Palavras estas que se aplicavam na perfeição à vida de Enrique Shaw, fundador da ACDE, associação congénere da ACEGE na Argentina, cuja fama das virtudes e santidade era evidente entre todos nós.
Por isso, como gestores que somos, definimos a estratégia e procurámos os meios para percebermos se podíamos considerá-lo Santo, se era possível para um empresário ser Santo.
A vida de Enrique Shaw
Henrique Shaw nasceu em 1921 em Paris. Filho de Sara Tornquist e Alejandro Shaw, famílias de alto nível social. O pai de Enrique era representante de um banco argentino em Paris.

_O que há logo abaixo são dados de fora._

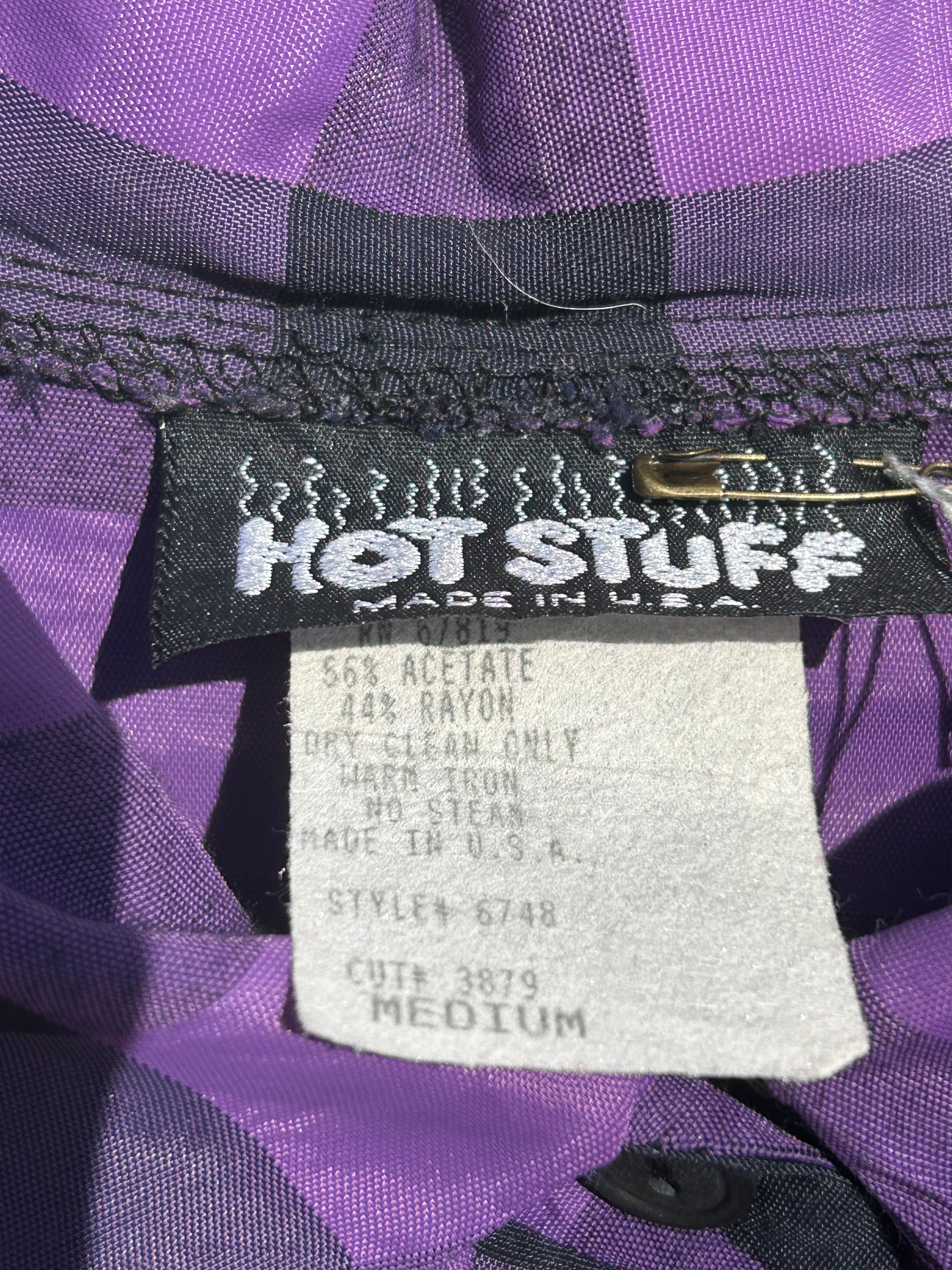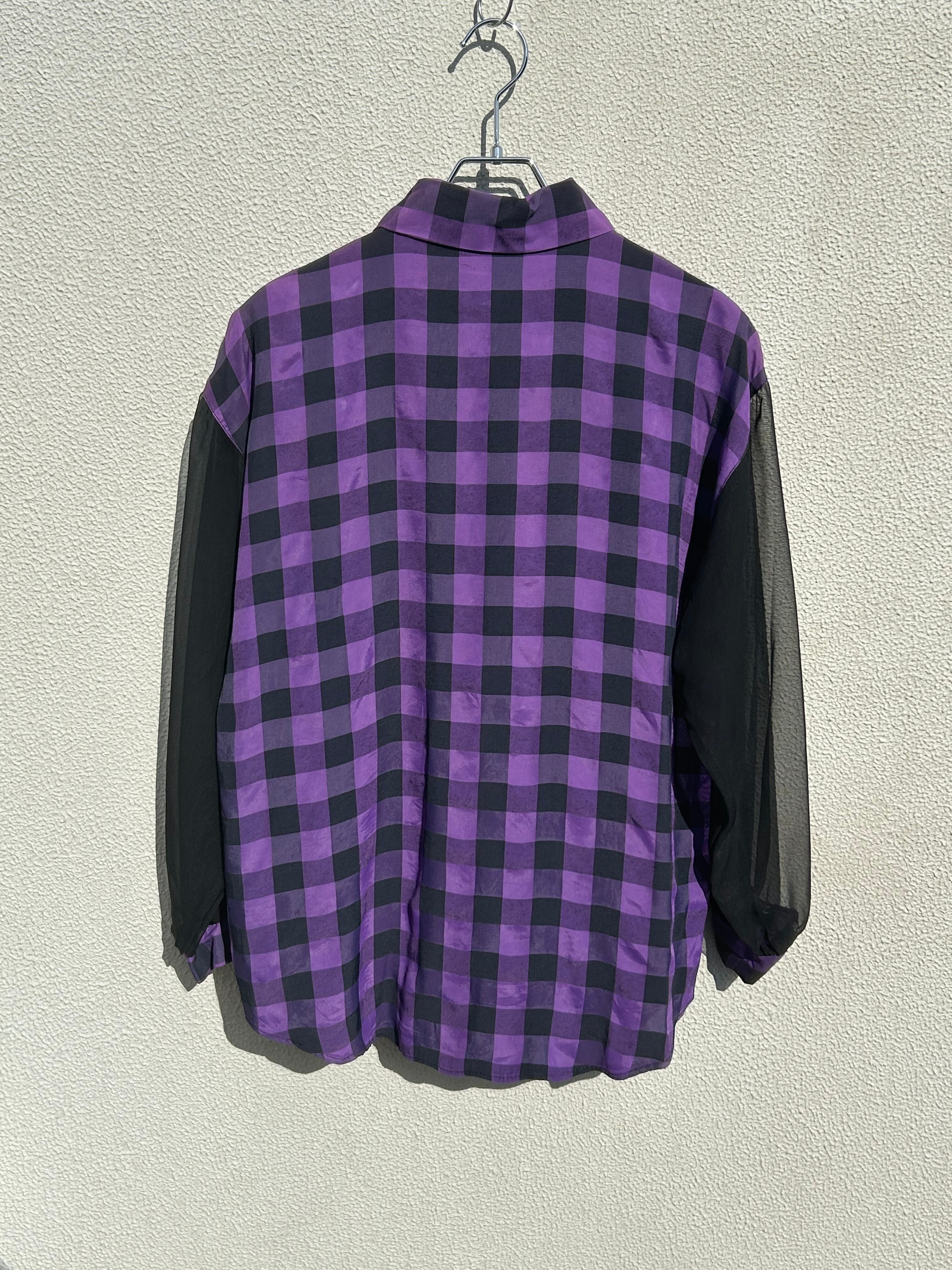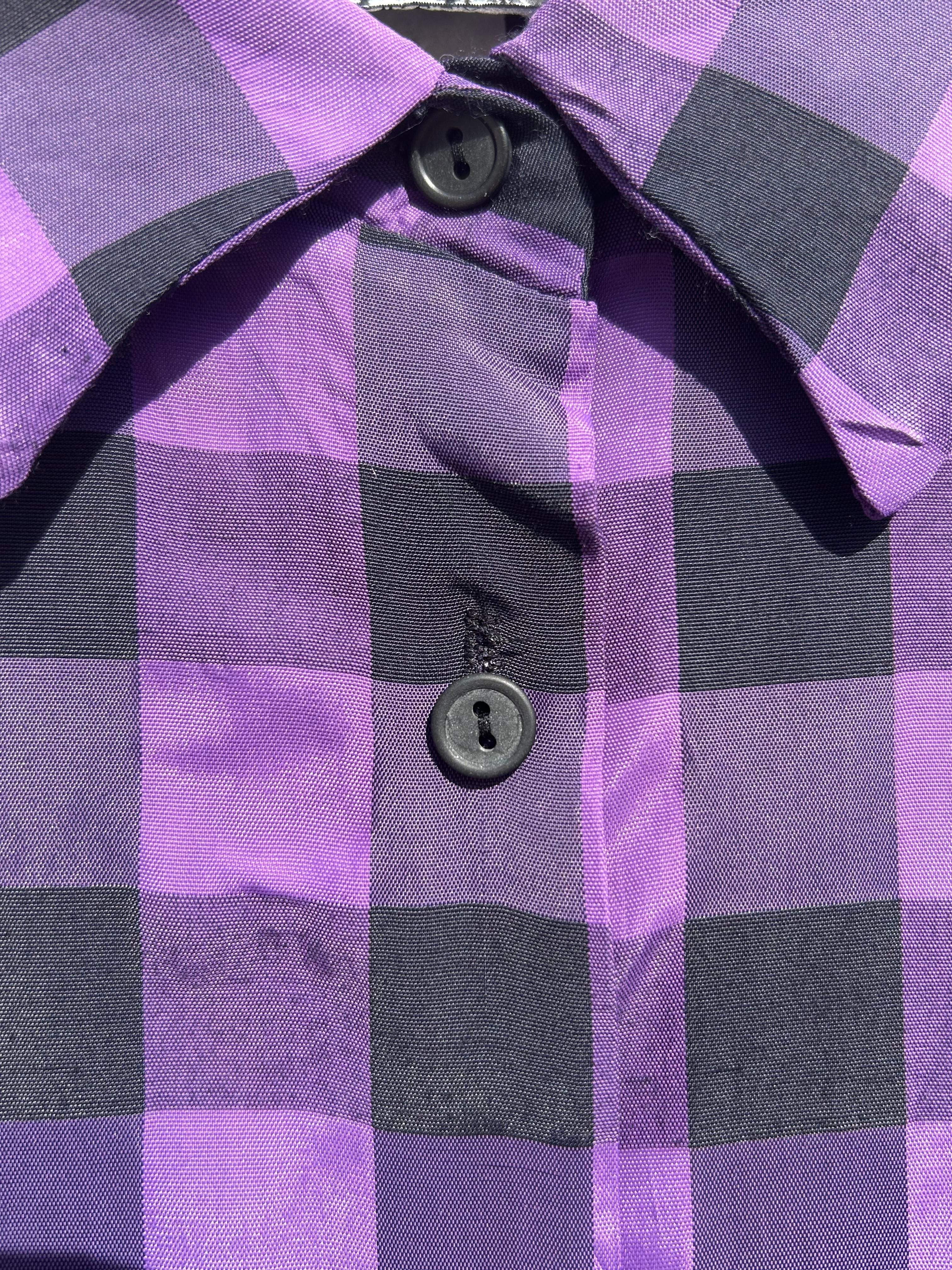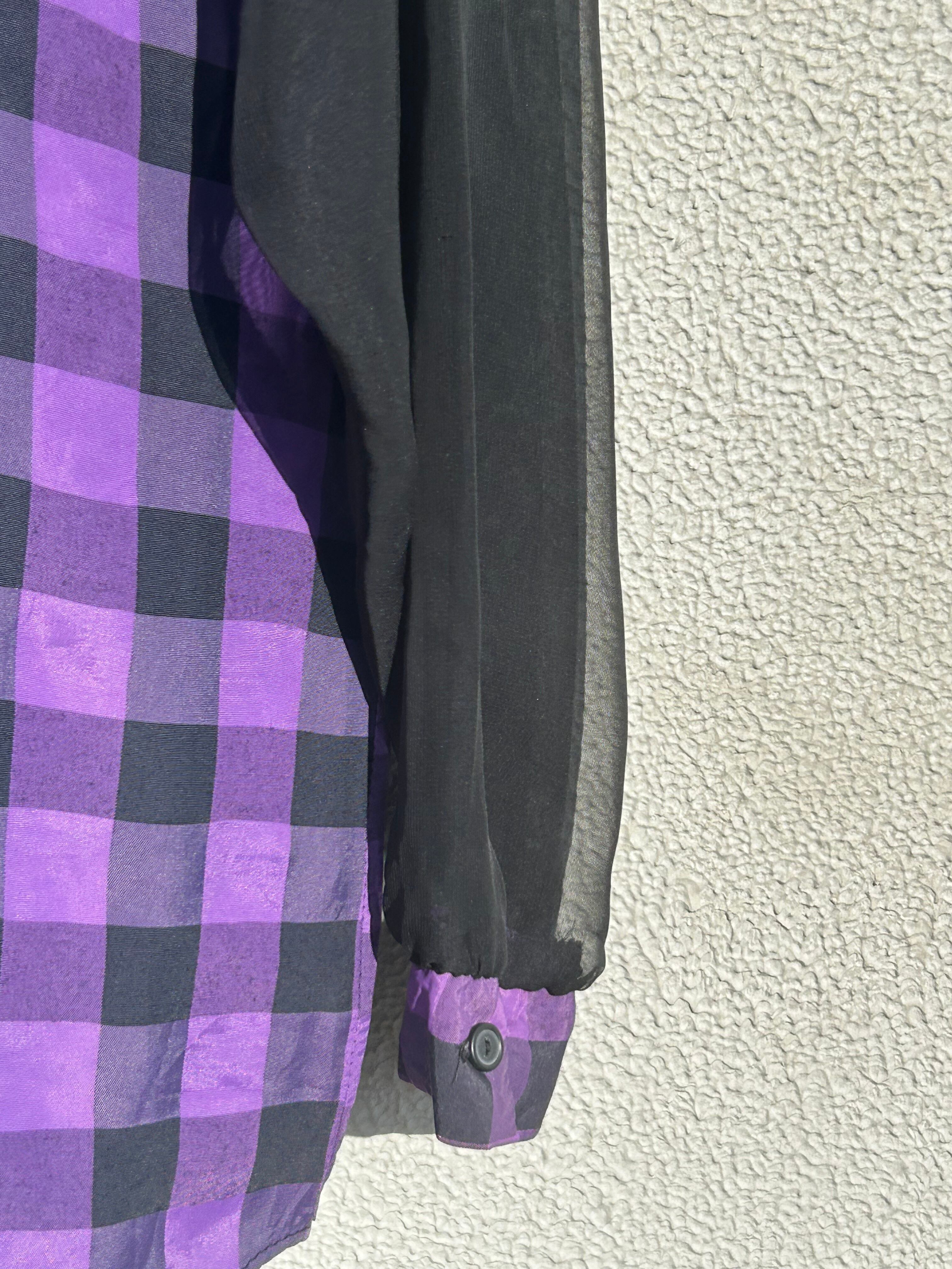 made in USA HOTSTUFF purple checkerboard and sheer long sleeve shirt

Em 1923 deixam Paris e regressam à Argentina onde passados dois anos morre a sua mãe que deixou como última vontade que os filhos fossem educados na Fé católica. Desejo que o Pai cumpriu, embora não fosse católico. Nesse sentido frequenta a escola La Sale, dos padres jesuítas, onde toma um primeiro contacto com o mundo da fé.
Aos 14 anos ingressa na Escola Naval Argentina, onde afirma desde o início a sua postura face à religião, nomeadamente ao rezar todos os dias na camarata, quando isso não era habitual numa Escola onde nem existia missa dominical. Quando saiu da Escola Naval, para além de ter conseguido a celebração regular da Missa aos Domingos, foi considerado o melhor estudante da história da escola e foi aquele que atingiu um posto mais elevado com menor idade. Começava, desta forma simples, a exibir essa capacidade natural de conciliar eficiência profissional com uma intensa vida espiritual.
Casou em 1943 com Cecilia Bunge e tiveram 9 filhos.
Em 1945 foi enviado pela Marinha para a Universidade de Chicago, nos Estados Unidos, para fazer uma especialização em meteriologia, mas na viagem sentiu que Deus o chamava e lhe pedia para mudar por completo a sua vida, deixando a sua carreira na marinha para passar a ser um simples trabalhador estando mais próximo dos operários.
Começa a ter uma série de reuniões com o Monsenhor Hildenbrand, Bispo de Boston, para dar corpo a essa ideia, mas o Bispo desaconselhou-o vivamente referindo que as suas mãos, embora sendo mãos de trabalho, não eram de operário. Por isso propõe-lhe trabalhar no seu meio, fazendo a evangelização e o desenvolvimento da classe empresarial.
Começou assim a preparar-se intensamente para essa nova missão, continuando os seus estudos de gestão nos Estados Unidos, frequentando Harvard.
Quando regressa à Argentina, é convidado para presidir à Cristalaria Rigolou ficando a gerir mais de 3.000 trabalhadores, procurando sempre a eficiência que dizia ser o dever do empresário. Nessas funções procurou aplicar todas as técnicas de produção aprendidas, mas tendo sempre em conta a promoção da pessoa, reconhecendo que nada é mais valioso que a dignidade de ser filho de Deus.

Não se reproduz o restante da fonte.